[Collection entries]
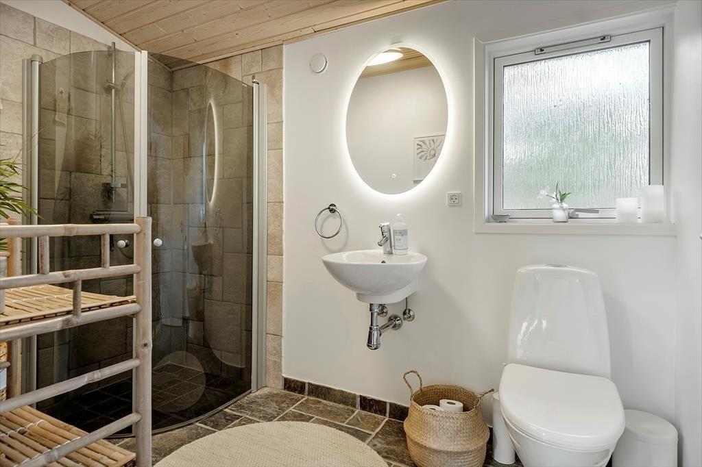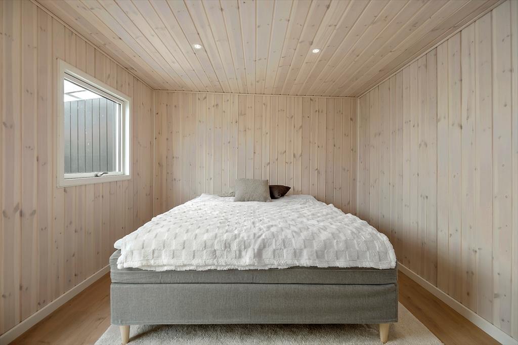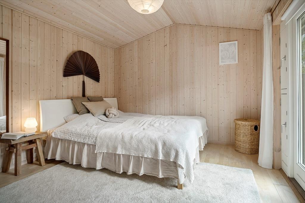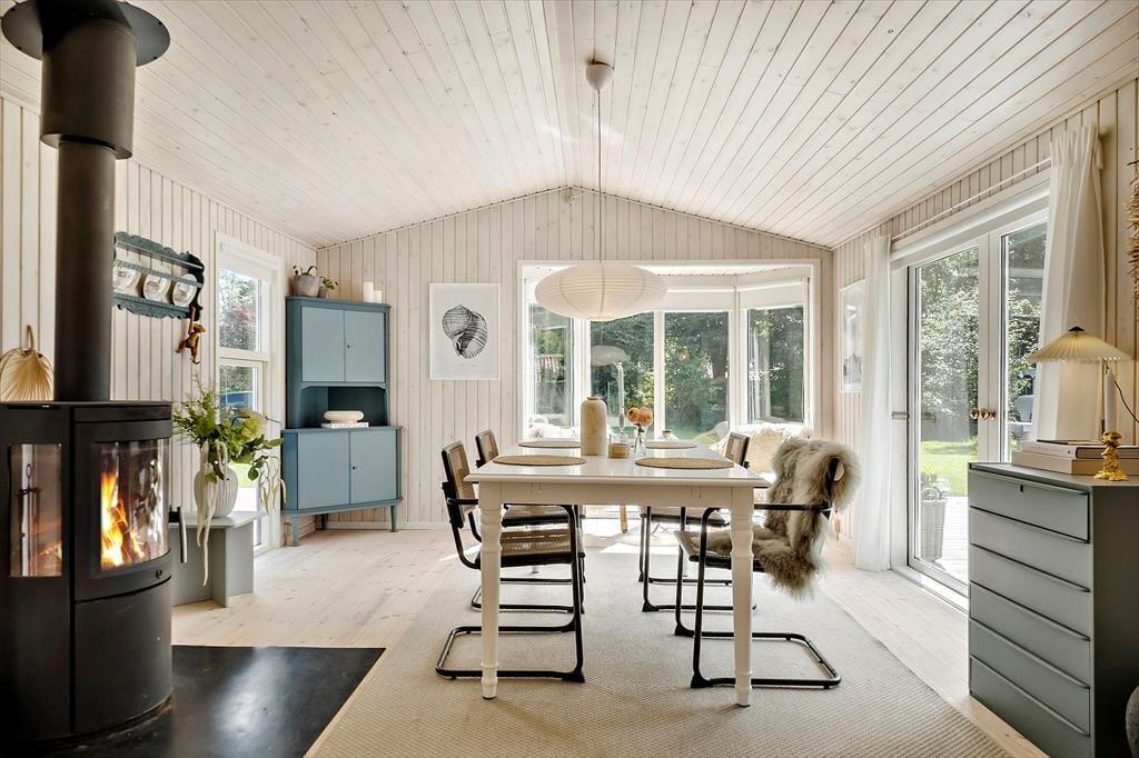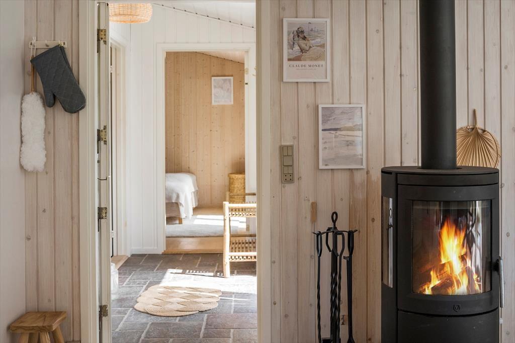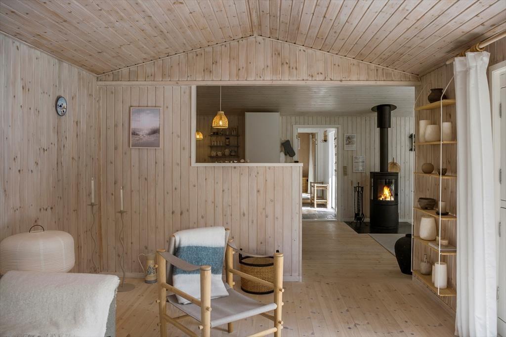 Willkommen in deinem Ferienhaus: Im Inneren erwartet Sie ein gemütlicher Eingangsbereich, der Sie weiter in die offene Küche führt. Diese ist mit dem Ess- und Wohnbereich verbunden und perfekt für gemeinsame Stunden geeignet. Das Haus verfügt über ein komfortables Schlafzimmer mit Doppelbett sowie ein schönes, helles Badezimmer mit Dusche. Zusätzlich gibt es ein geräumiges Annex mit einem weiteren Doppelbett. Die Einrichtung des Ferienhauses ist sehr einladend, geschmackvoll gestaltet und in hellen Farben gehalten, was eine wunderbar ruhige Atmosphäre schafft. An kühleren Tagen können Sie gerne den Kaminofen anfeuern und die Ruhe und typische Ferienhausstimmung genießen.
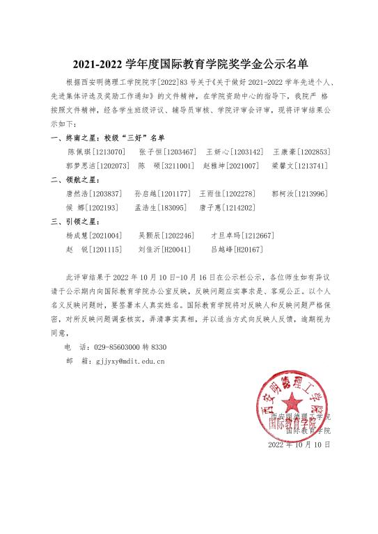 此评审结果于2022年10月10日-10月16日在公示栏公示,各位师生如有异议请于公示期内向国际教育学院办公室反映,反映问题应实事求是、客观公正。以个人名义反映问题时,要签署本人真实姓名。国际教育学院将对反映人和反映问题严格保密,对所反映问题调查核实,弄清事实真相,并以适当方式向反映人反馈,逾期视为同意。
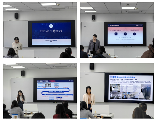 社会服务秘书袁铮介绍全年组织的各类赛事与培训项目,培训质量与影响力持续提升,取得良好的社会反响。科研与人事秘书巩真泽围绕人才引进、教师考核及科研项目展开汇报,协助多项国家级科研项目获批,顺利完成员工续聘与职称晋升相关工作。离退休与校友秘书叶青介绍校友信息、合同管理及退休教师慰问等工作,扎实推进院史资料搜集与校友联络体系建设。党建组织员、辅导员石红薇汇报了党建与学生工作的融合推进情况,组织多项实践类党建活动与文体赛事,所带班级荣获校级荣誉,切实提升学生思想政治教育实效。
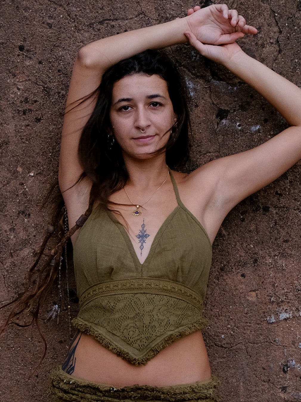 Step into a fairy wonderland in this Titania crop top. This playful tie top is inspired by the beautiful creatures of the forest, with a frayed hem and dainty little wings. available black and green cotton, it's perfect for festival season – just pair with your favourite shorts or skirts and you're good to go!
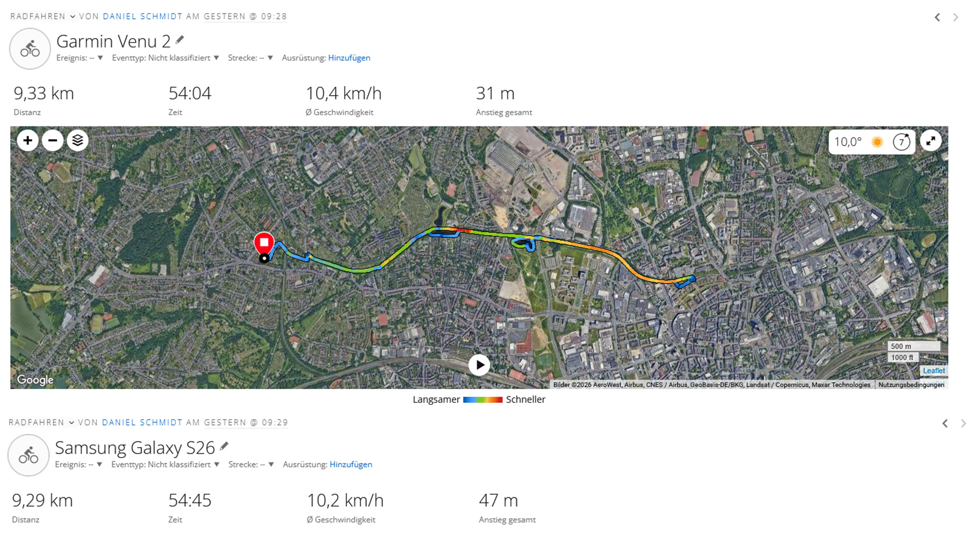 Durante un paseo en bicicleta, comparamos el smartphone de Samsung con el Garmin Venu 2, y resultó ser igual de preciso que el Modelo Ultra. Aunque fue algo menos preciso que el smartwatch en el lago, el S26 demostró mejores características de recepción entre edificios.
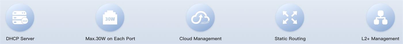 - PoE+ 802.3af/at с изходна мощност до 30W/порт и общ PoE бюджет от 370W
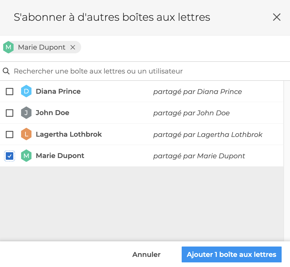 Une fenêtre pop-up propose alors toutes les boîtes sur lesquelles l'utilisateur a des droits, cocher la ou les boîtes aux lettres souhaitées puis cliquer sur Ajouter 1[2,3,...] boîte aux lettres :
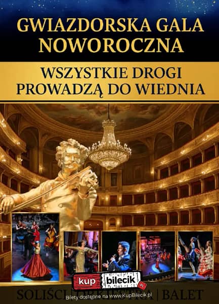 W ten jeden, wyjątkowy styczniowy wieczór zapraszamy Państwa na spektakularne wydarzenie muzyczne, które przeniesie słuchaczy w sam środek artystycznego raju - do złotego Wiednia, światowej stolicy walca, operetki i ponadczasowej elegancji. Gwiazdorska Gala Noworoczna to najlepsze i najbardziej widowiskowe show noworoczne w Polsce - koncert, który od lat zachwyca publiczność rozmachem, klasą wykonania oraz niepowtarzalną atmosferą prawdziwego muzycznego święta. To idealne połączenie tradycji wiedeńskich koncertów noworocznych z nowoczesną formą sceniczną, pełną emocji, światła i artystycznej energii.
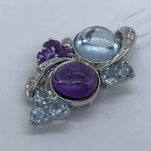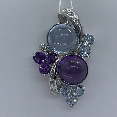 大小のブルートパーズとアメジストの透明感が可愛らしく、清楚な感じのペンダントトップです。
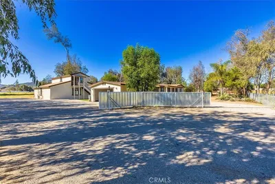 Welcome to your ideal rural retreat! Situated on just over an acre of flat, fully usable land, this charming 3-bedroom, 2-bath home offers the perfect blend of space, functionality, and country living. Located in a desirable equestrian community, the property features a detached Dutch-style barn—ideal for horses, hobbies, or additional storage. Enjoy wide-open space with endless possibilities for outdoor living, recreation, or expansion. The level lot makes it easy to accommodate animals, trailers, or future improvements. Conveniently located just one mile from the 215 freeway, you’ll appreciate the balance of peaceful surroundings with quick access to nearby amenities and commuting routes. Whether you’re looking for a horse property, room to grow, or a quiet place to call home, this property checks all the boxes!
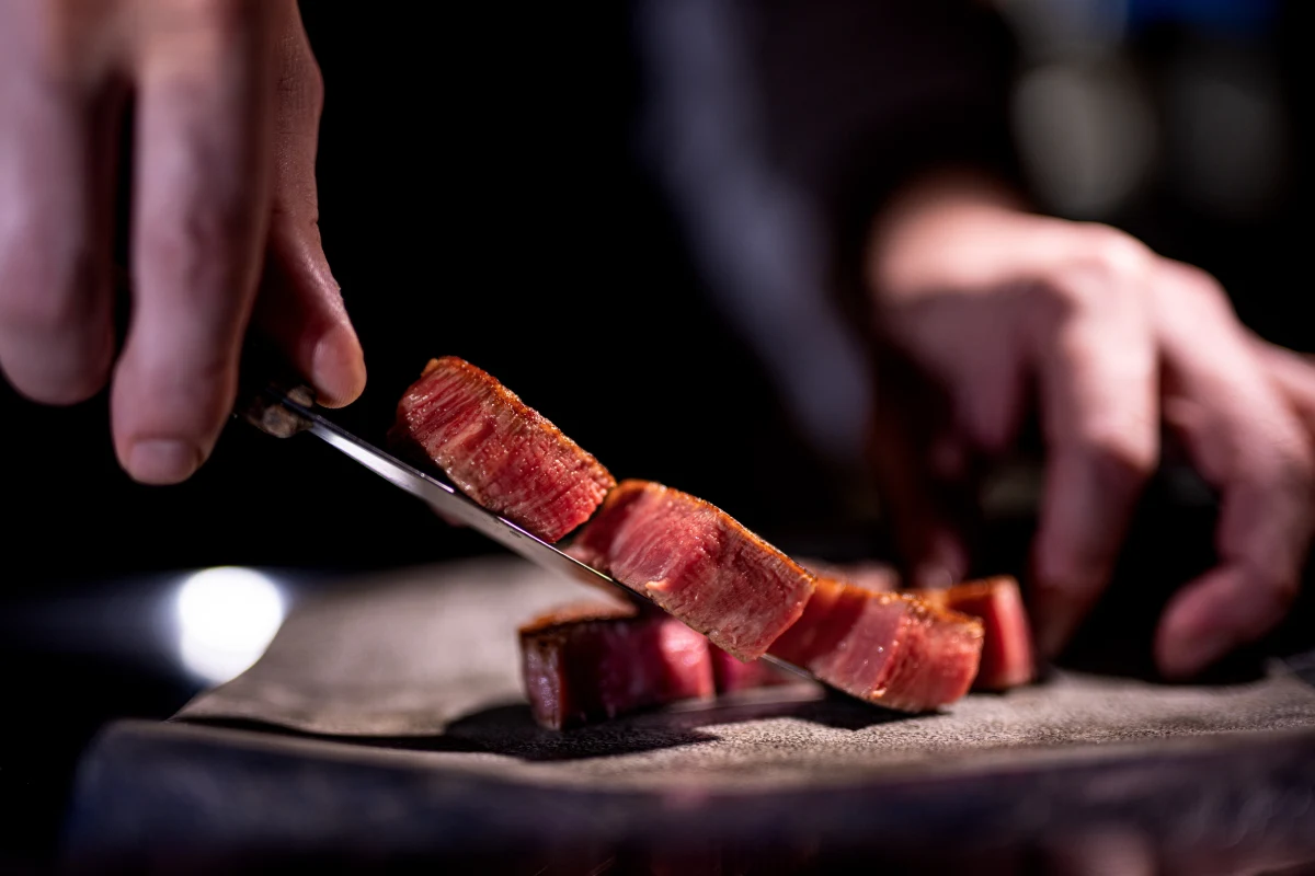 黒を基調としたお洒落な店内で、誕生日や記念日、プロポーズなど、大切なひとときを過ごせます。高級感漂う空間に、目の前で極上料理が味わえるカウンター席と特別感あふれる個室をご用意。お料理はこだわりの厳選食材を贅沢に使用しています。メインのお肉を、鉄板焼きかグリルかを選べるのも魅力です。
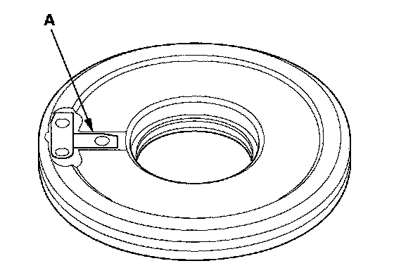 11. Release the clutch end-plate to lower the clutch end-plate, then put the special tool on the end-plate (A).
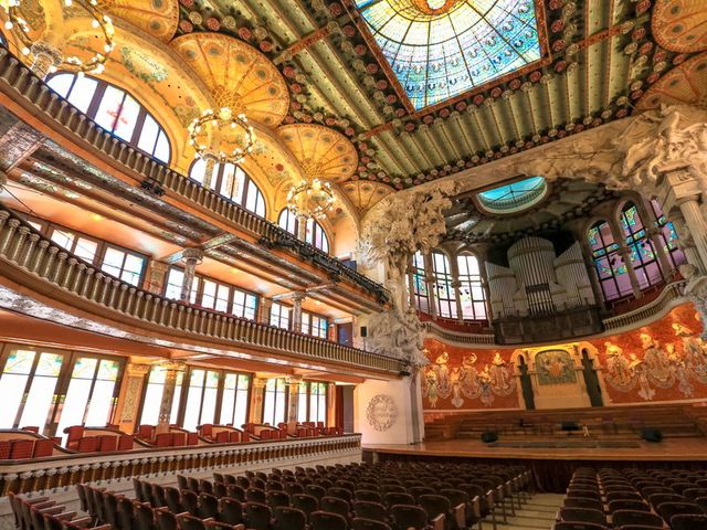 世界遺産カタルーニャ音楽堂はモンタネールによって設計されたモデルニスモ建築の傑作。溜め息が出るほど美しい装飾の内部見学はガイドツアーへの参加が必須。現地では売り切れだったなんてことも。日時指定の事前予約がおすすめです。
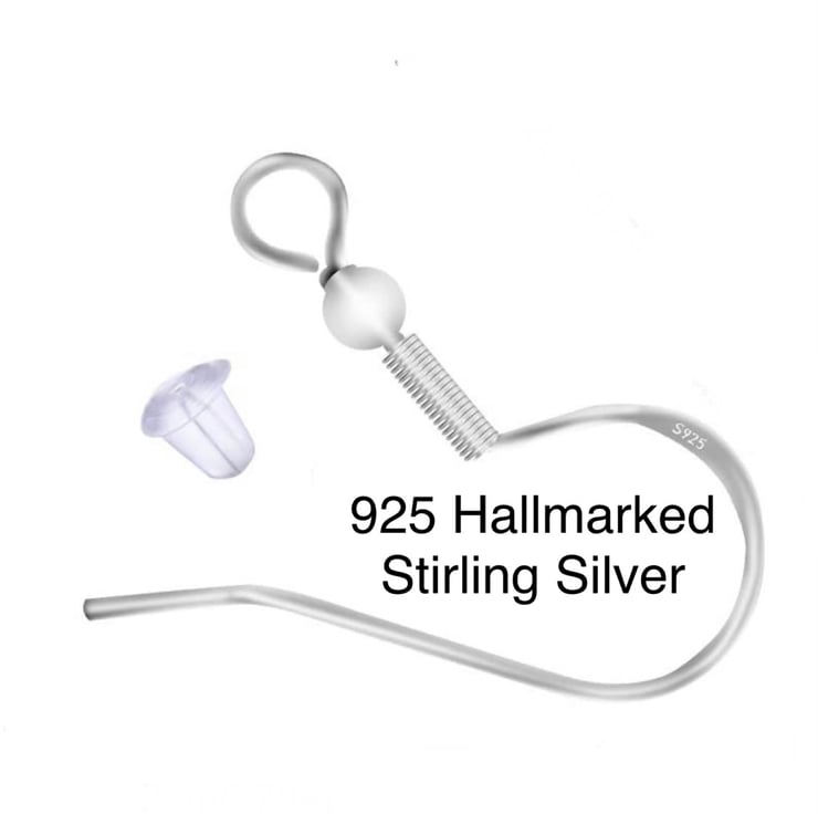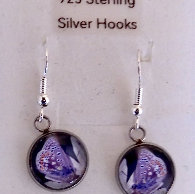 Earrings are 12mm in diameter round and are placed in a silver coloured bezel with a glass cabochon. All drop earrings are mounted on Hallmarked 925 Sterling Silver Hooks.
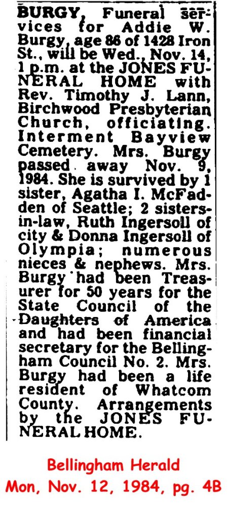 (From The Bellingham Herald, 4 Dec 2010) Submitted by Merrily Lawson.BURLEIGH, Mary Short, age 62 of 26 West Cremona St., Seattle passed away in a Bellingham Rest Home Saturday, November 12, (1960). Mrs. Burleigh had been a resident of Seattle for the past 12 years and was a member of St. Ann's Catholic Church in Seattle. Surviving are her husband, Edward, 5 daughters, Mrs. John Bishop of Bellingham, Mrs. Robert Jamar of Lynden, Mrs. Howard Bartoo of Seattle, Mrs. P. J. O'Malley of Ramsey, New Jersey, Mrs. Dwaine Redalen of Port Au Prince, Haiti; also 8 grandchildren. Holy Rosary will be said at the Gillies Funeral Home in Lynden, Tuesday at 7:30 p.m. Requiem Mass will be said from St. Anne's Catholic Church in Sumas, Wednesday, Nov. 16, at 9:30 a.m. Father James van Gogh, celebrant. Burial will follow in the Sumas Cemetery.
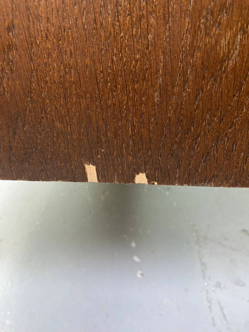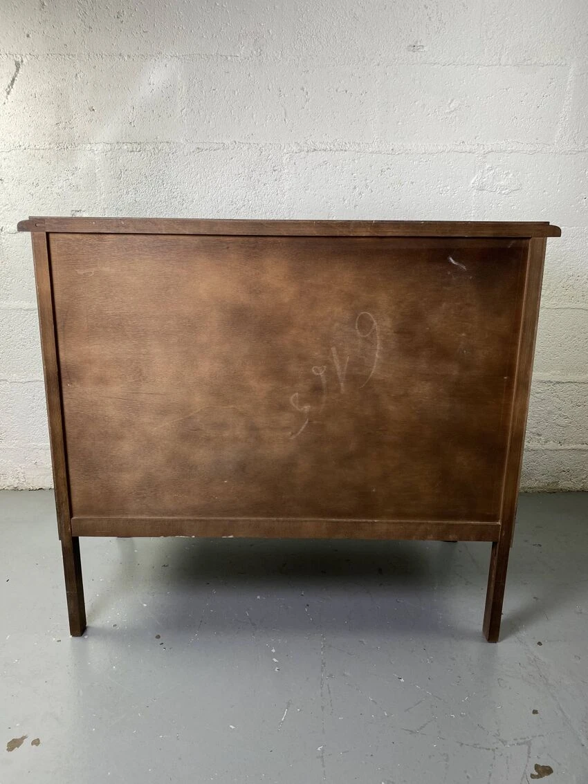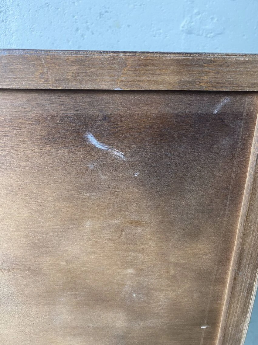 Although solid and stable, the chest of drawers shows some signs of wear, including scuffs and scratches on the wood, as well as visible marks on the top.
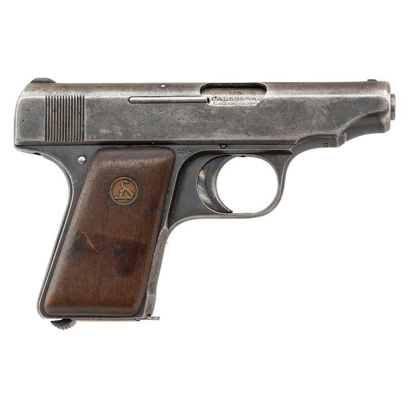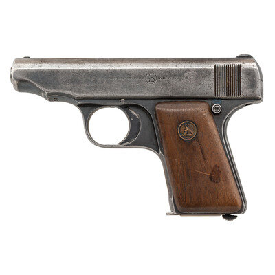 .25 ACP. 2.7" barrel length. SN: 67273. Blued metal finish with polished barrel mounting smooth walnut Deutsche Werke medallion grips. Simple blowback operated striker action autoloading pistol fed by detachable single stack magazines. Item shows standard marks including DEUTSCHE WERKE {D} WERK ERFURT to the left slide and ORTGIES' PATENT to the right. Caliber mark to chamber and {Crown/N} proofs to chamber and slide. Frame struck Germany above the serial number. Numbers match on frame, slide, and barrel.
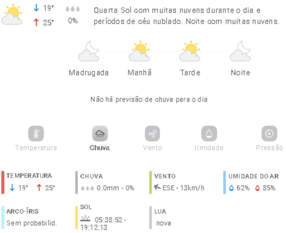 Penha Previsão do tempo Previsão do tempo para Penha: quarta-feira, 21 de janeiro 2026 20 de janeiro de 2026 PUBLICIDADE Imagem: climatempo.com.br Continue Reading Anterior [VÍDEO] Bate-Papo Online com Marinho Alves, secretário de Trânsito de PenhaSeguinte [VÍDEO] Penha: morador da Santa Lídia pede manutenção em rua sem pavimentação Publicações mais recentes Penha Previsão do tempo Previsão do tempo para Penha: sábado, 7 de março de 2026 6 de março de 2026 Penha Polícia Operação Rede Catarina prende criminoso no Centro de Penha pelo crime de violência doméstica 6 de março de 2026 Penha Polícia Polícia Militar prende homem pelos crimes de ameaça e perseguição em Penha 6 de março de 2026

*WORK ORDER:*
Retype only the lines above from the one with "此评审结果于2022年10月" through the one with "社会服务秘书袁铮介绍全年组织", exactly and with both ends. Images stay out.

*ANSWER BOX:*
 此评审结果于2022年10月10日-10月16日在公示栏公示,各位师生如有异议请于公示期内向国际教育学院办公室反映,反映问题应实事求是、客观公正。以个人名义反映问题时,要签署本人真实姓名。国际教育学院将对反映人和反映问题严格保密,对所反映问题调查核实,弄清事实真相,并以适当方式向反映人反馈,逾期视为同意。
 社会服务秘书袁铮介绍全年组织的各类赛事与培训项目,培训质量与影响力持续提升,取得良好的社会反响。科研与人事秘书巩真泽围绕人才引进、教师考核及科研项目展开汇报,协助多项国家级科研项目获批,顺利完成员工续聘与职称晋升相关工作。离退休与校友秘书叶青介绍校友信息、合同管理及退休教师慰问等工作,扎实推进院史资料搜集与校友联络体系建设。党建组织员、辅导员石红薇汇报了党建与学生工作的融合推进情况,组织多项实践类党建活动与文体赛事,所带班级荣获校级荣誉,切实提升学生思想政治教育实效。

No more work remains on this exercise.